Court Opinion

ID: 3516086
Source: CourtListenerOpinion
Date Created: 2016-07-05 22:27:22.23558+00
Date Added: 2024-06-11T13:55:11.674074
License: Public Domain

Upon my own extended examination of the cases and texts, I am convinced that the "link theory" adopted in the controlling opinion is sustained by the weight of authority. The most elaborate discussion of the subject is found in 8 Wigmore on Evidence (3d Ed.). The opening paragraph of Sec. 2260, that volume, seems to lay down the "link theory" as the real rule, although the author goes on further and apparently gives support to the theories "tending to incriminate" and the "clue to incrimination." If the weight of the cases did not support the "link theory," I would prefer an adherence rather to the other two views.
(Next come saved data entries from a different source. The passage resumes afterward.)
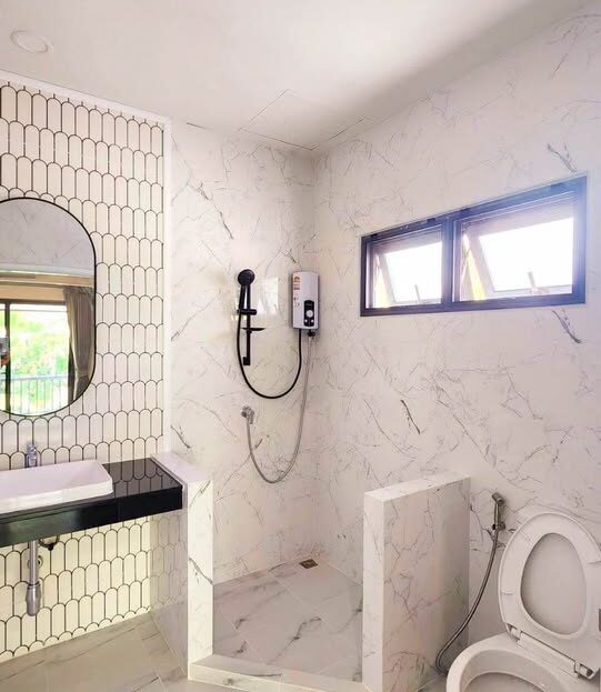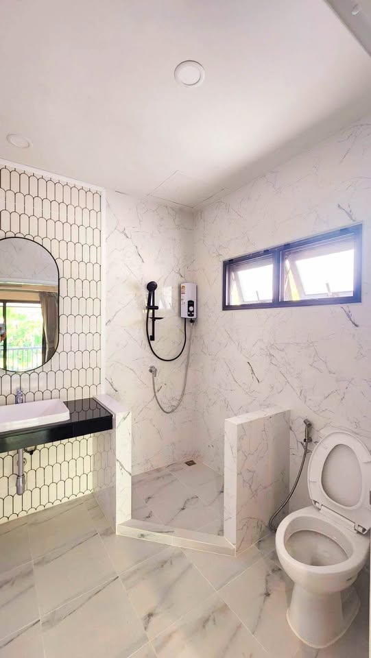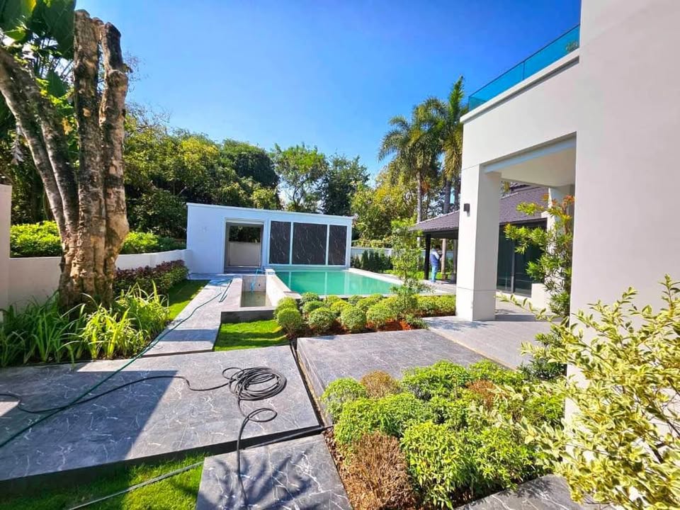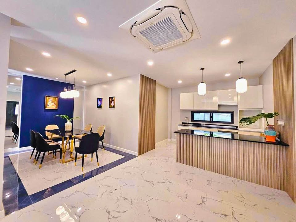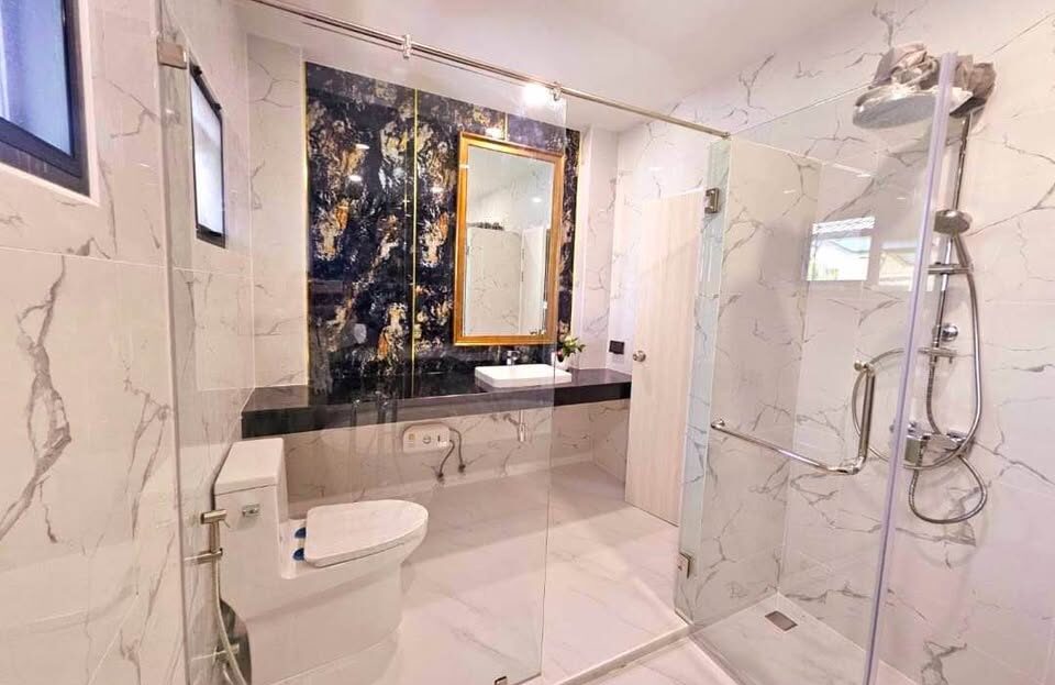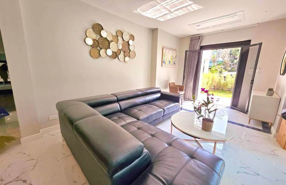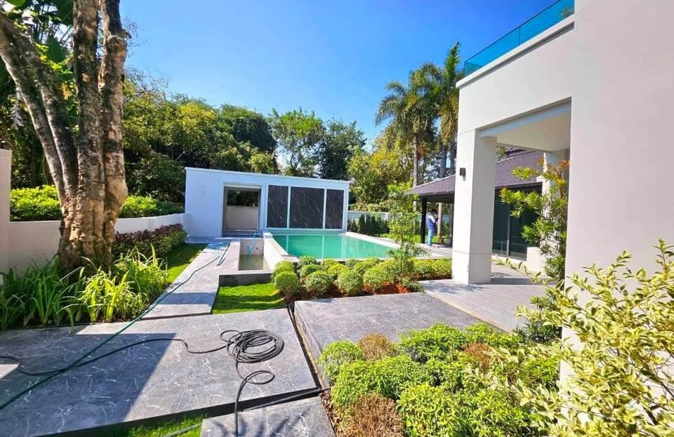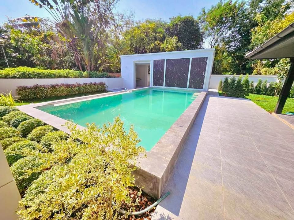 A spacious family pool villa in the Lanna Pinery Home gated community, Hang Dong. Offering 480 sq.m of usable space on a 143 sq.wah (approx. 572 sq.m) plot, this 5-bedroom, 7-bathroom home features an 8 x 4 m saltwater pool, an outdoor entertaining area, a full kitchen with pantry, dedicated dining and living rooms, and a maid’s room. Residents enjoy excellent communal facilities including a playground, swimming pool, tennis court, and security.
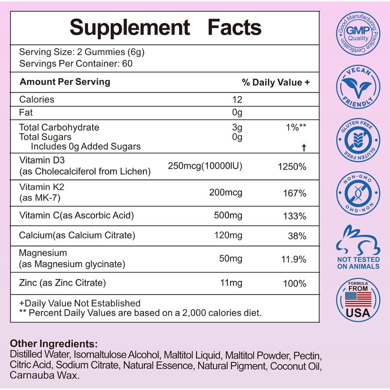 - π·ππππππ πππππππ:It contains D3,K2,Vitamin C,Calcium,Magnesium,Zinc,Multivitamin Gummies.Essential nutrients in each gummy for optimal health and vitality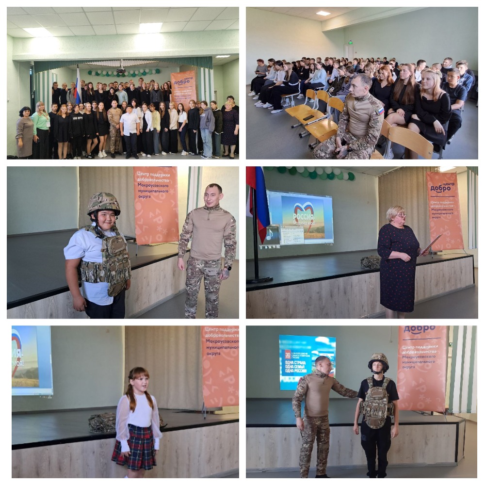 Сегодня ученики 8, 9 классов Мокроусовской школы №2 посетили Урок мужества, посвященный Дню воссоединения Донбасса и Новороссии с Россией. Об истории памятной даты и её предпосылках рассказала Людмила Владимировна Глухих, социальный координатор Курганского филиала государственного фонда "Защитники Отечества" в Мокроусово. Почётный гость мероприятия ветеран СВО Антон Сергеевич Баращенко, в своём выступлении подчеркнул важность патриотического воспитания, физической подготовки ребят, как будущих защитников Родины. Также ветеран предложил примерить бронежилет и каску школьникам, они смогли на себе почувствовать хотя бы часть тяжести солдатской службы. В свою очередь, ребята подготовили номера художественной самодеятельности. Проникновенно исполнила стихотворение о Родине Старцева С., под аплодисменты зрителей прозвучала песня в исполнении Байлашова А. Посвященное Донбассу, миру, дружбе, согласию между людьми завершилось мероприятие общей песней о России. Отметим, что мероприятие проведено специалистами «Добро.Центра» при поддержке социального координатора Курганского филиала государственного фонда"Защитники Отечества" в с.Мокроусово.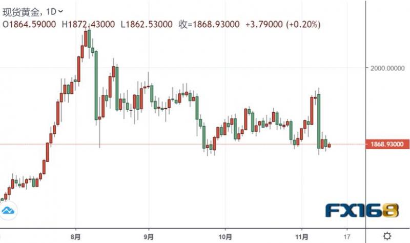 周四(11月12日)欧市盘中,现货黄金目前继续交投在1870美元附近,走势较为平静。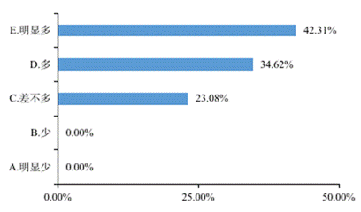 统计数据显示:对线上教学教学方法的思考和尝试DEC,多、明显多、差不多,不同专业数据基本一致。

My experience and observation of more than 18 years on this Court have definitely convinced me that when a subject has been thoroughly debated before, and considered by, the courts throughout the country so that we can distinctly see what is the weight of authority on any question *Page 903 
not controlled by our own statutes or decisions, we should follow the majority, save only when we can confidently say that the rule of the majority is manifestly wrong or is mischievous in its effect as applied to the situation in our state. In this way only may we give to the law a practical measure of certainty and make it the law of the land rather than the pronouncement of the particular judges who, in a particular case and for the time being, may happen to have the power to decide.